South Africa is regarded as the second worst performer of the G20 non-OECD member countries due to its lack of transparency and continued support for coal production, fossil fuel-based power and the consumption of fossil fuels.

This is according to a report on global fossil fuel subsidies released recently by the International Institute for Sustainable Development (IISD), the Overseas Development Institute (ODI), and Oil Change International (OCI).

Anna Geddes

The report found that the South African government spends more than R93-billion a year ($5,7-billion) on direct support for fossil fuel use through subsidies to its predominantly coal-based electricity system. A lack of transparency around other hidden forms of price support to fossil fuels and bailouts to the state’s power utility Eskom means that this figure is likely to be higher, says the report.

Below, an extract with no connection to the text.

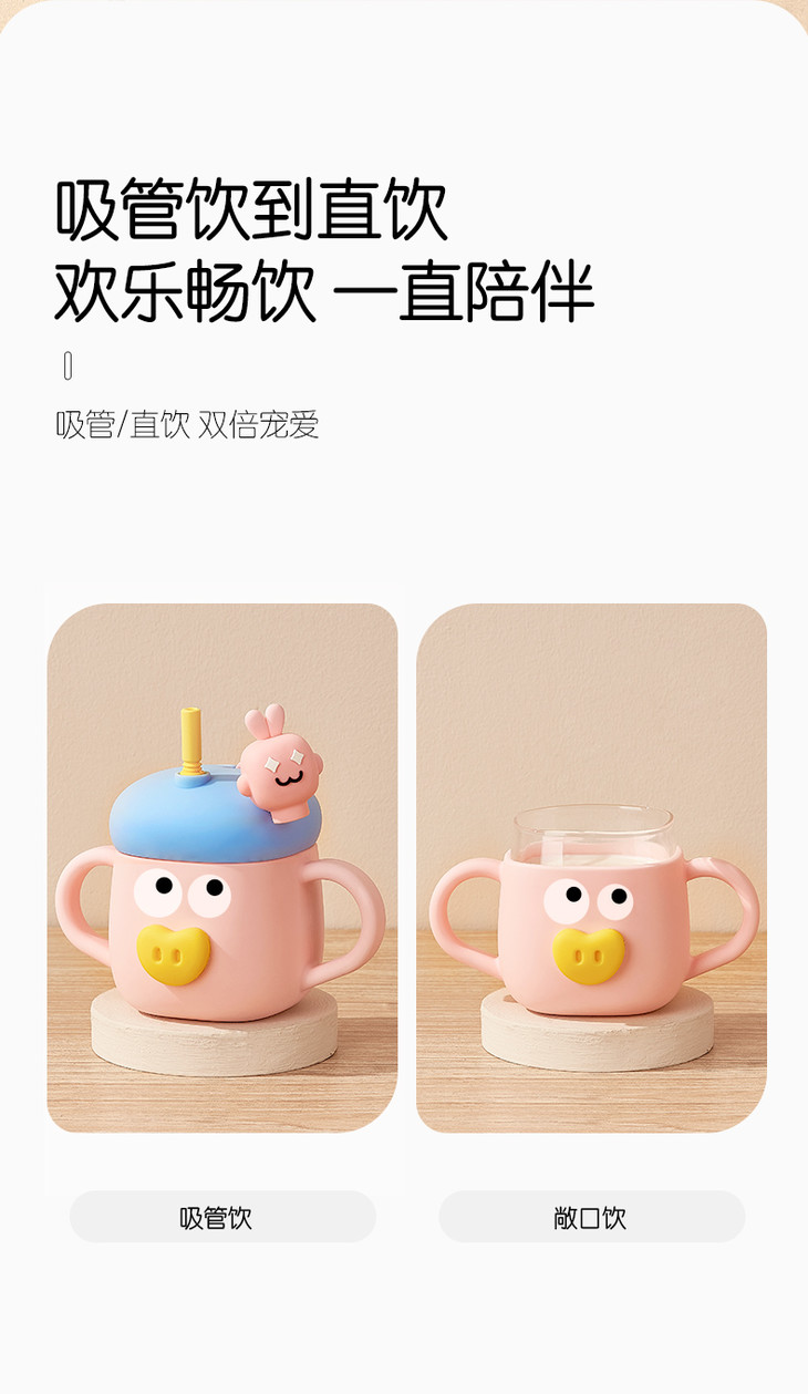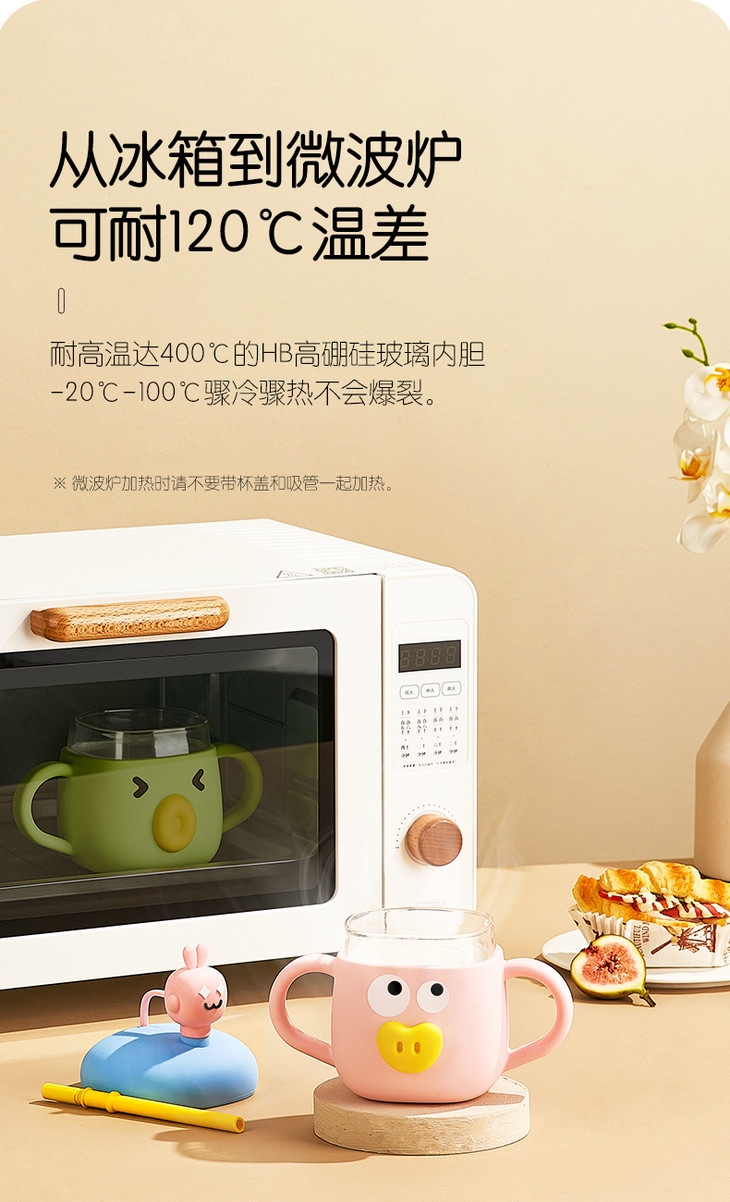 beedoll牛奶杯高硼硅儿童带刻度防摔吸管杯喝泡奶粉杯子微波炉可加热宝宝高颜值玻璃杯

Anna Geddes, lead author of the report, said that SA’s poor performance compared to G20 and emerging market peers is due to a lack of transparency around fossil fuel subsidies. “The South African government fails to regularly report and quantify various forms of state support for heavy fossil fuel users such as Eskom and Sasol,” says Geddes. “South Africa committed to reduce its reliance on fossil fuels, yet we have seen a 14% increase in total government support for fossil fuels over the last three years. This is predominantly due to a 79% increase in price support for fossil fuel-based power.”

In Doubling Back and Doubling Down: G20 Scorecard on Fossil Fuel Funding G20 countries are ranked according to seven indicators: transparency, pledges, public money for coal, oil and gas, fossil fuel-based power (both production and consumption), as well as how support has changed over time.

Researchers raised “particular concern” over the government’s continued spending to pipe precious water from drought-prone areas to coal-fired power plants. “More than R1-billion ($68-million) in government funding has been made available for water transportation projects to supply water to coal power plants in the Limpopo province,” says Geddes. “This includes the Matimba and Medupi power stations near Lephalale, and the water-intensive Grootegeluk coal mine.”

South Africa urgently needs to build new renewable energy to ensure sustainable development and address the energy security crisis and start its just transition,” says Jesse Burton, a senior associate at global think tank E3G.